** DATA FOR THIS TASK follows **

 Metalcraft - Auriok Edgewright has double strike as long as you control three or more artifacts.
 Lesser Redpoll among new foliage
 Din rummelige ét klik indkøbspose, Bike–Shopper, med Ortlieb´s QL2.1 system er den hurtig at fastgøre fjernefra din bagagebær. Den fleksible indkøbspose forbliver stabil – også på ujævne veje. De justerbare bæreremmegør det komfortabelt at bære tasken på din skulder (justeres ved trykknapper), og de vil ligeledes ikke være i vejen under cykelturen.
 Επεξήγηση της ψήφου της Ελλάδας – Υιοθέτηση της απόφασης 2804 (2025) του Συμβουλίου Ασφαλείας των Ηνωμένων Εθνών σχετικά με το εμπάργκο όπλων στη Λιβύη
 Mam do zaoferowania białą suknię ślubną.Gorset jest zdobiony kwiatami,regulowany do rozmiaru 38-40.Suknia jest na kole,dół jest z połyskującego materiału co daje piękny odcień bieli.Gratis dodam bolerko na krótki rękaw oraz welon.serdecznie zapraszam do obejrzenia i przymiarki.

** End of DATA FOR THIS TASK **
** DATA FOR THIS TASK follows **

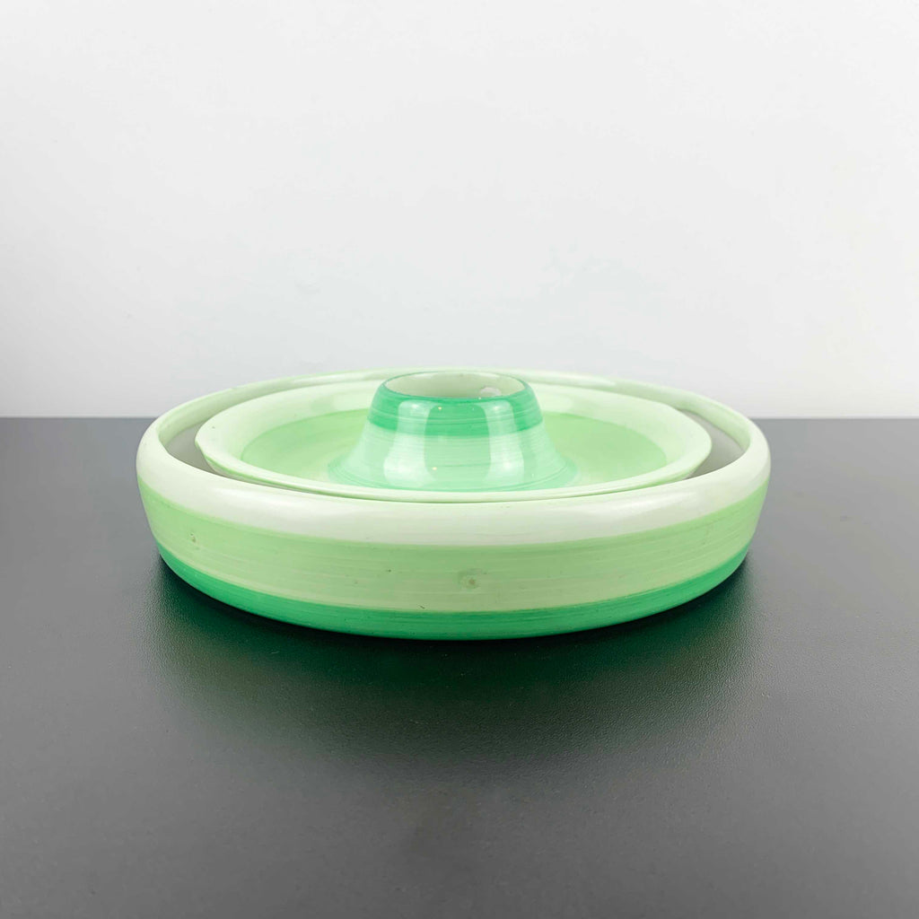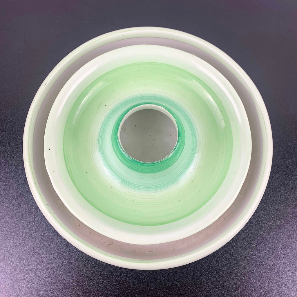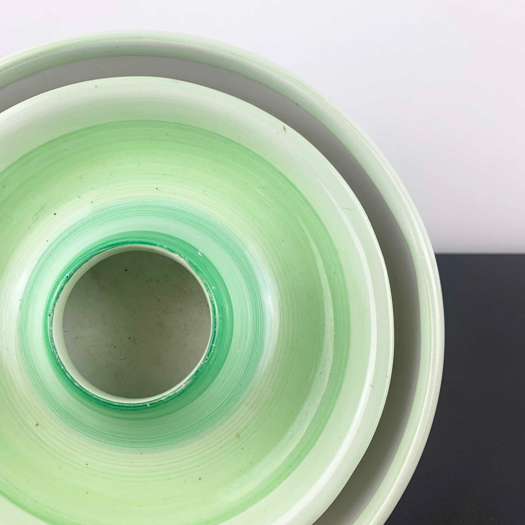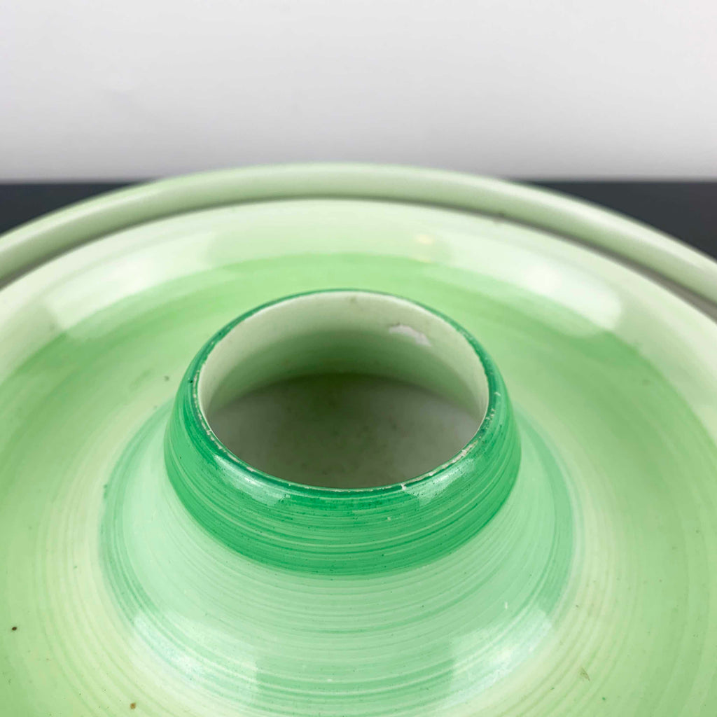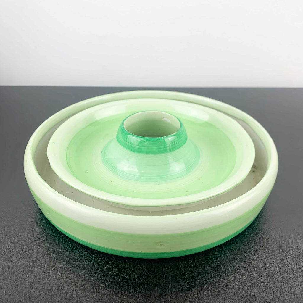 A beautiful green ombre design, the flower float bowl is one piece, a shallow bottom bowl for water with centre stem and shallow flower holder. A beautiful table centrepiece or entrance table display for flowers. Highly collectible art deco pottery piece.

** End of DATA FOR THIS TASK **
** DATA FOR THIS TASK follows **

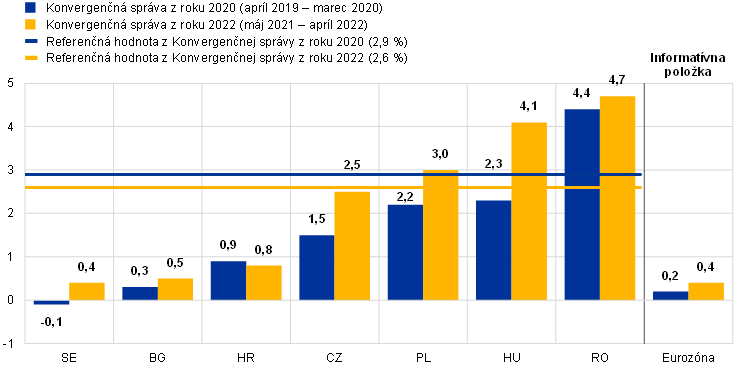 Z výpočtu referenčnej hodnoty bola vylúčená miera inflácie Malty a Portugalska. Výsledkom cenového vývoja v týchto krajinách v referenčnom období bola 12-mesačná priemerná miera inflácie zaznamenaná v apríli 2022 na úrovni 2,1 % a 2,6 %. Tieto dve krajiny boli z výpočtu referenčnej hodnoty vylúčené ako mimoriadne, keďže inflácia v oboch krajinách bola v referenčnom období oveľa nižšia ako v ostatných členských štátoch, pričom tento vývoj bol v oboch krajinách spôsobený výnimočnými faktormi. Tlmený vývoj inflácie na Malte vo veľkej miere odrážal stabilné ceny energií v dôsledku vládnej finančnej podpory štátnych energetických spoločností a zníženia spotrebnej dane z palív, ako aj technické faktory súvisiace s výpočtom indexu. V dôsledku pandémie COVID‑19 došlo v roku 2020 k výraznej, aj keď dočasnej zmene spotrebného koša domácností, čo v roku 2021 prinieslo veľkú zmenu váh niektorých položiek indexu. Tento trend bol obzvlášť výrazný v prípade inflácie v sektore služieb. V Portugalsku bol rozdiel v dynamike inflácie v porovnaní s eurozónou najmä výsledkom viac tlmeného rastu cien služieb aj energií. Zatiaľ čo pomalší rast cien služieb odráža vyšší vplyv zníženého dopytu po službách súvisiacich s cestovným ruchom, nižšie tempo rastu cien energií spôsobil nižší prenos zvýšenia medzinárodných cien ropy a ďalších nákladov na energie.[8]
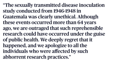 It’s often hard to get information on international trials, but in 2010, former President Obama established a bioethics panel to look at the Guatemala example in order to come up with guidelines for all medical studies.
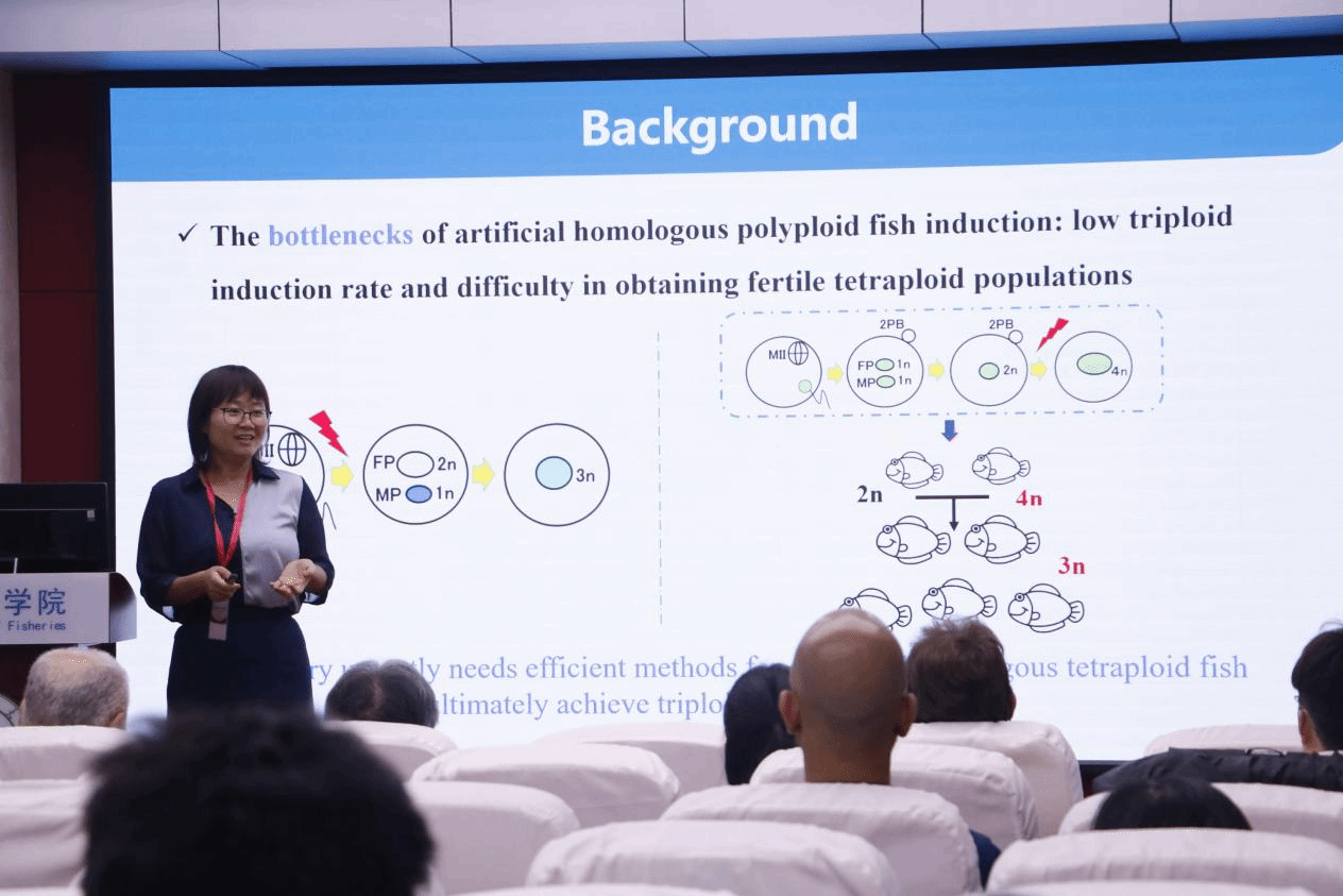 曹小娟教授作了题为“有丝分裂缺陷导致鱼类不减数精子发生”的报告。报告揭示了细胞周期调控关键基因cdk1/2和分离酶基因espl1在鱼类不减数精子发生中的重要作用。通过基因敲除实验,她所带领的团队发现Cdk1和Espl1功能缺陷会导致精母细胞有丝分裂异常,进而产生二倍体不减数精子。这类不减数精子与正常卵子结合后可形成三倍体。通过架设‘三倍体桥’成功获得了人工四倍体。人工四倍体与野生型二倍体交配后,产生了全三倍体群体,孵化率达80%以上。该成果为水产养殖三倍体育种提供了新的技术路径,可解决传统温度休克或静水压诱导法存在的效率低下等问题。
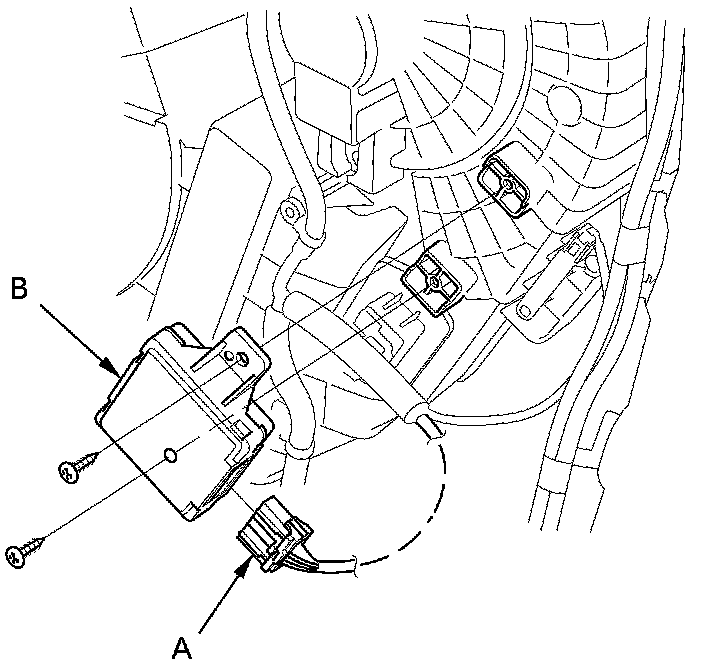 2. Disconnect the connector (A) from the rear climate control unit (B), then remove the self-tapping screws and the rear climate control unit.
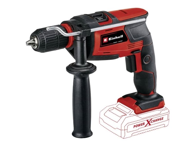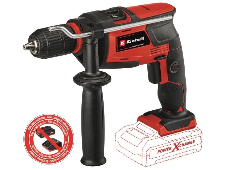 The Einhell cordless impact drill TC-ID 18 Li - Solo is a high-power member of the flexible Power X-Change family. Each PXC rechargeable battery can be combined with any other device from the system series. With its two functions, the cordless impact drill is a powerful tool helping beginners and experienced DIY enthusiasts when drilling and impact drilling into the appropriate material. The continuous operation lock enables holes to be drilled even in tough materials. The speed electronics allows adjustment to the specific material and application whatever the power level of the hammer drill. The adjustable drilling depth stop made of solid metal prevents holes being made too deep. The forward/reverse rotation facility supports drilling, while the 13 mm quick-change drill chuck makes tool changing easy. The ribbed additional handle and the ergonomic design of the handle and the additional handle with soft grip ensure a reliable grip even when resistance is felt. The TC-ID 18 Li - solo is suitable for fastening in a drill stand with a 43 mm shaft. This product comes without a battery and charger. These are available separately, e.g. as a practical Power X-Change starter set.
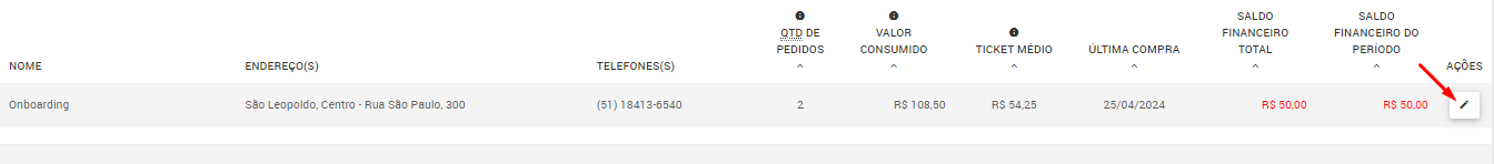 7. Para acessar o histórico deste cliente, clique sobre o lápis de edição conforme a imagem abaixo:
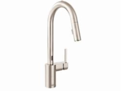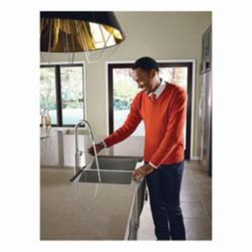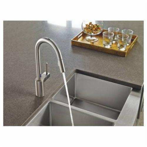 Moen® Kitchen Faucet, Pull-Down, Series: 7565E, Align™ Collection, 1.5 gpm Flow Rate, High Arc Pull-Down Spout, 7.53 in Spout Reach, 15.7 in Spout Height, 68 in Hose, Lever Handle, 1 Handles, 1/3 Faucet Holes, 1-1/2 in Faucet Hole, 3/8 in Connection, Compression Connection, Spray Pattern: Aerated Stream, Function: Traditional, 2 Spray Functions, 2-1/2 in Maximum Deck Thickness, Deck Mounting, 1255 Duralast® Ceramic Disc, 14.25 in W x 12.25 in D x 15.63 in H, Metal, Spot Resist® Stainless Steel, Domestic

** End of DATA FOR THIS TASK **

ABOUT THIS EXERCISE:
Going back to the entries above, set down exactly the lines that begin at the one with "Din rummelige ét" and end at the one with "Mam do zaoferowania", both included, and nothing else.

YOUR RESPONSE:
 Din rummelige ét klik indkøbspose, Bike–Shopper, med Ortlieb´s QL2.1 system er den hurtig at fastgøre fjernefra din bagagebær. Den fleksible indkøbspose forbliver stabil – også på ujævne veje. De justerbare bæreremmegør det komfortabelt at bære tasken på din skulder (justeres ved trykknapper), og de vil ligeledes ikke være i vejen under cykelturen.
 Επεξήγηση της ψήφου της Ελλάδας – Υιοθέτηση της απόφασης 2804 (2025) του Συμβουλίου Ασφαλείας των Ηνωμένων Εθνών σχετικά με το εμπάργκο όπλων στη Λιβύη
 Mam do zaoferowania białą suknię ślubną.Gorset jest zdobiony kwiatami,regulowany do rozmiaru 38-40.Suknia jest na kole,dół jest z połyskującego materiału co daje piękny odcień bieli.Gratis dodam bolerko na krótki rękaw oraz welon.serdecznie zapraszam do obejrzenia i przymiarki.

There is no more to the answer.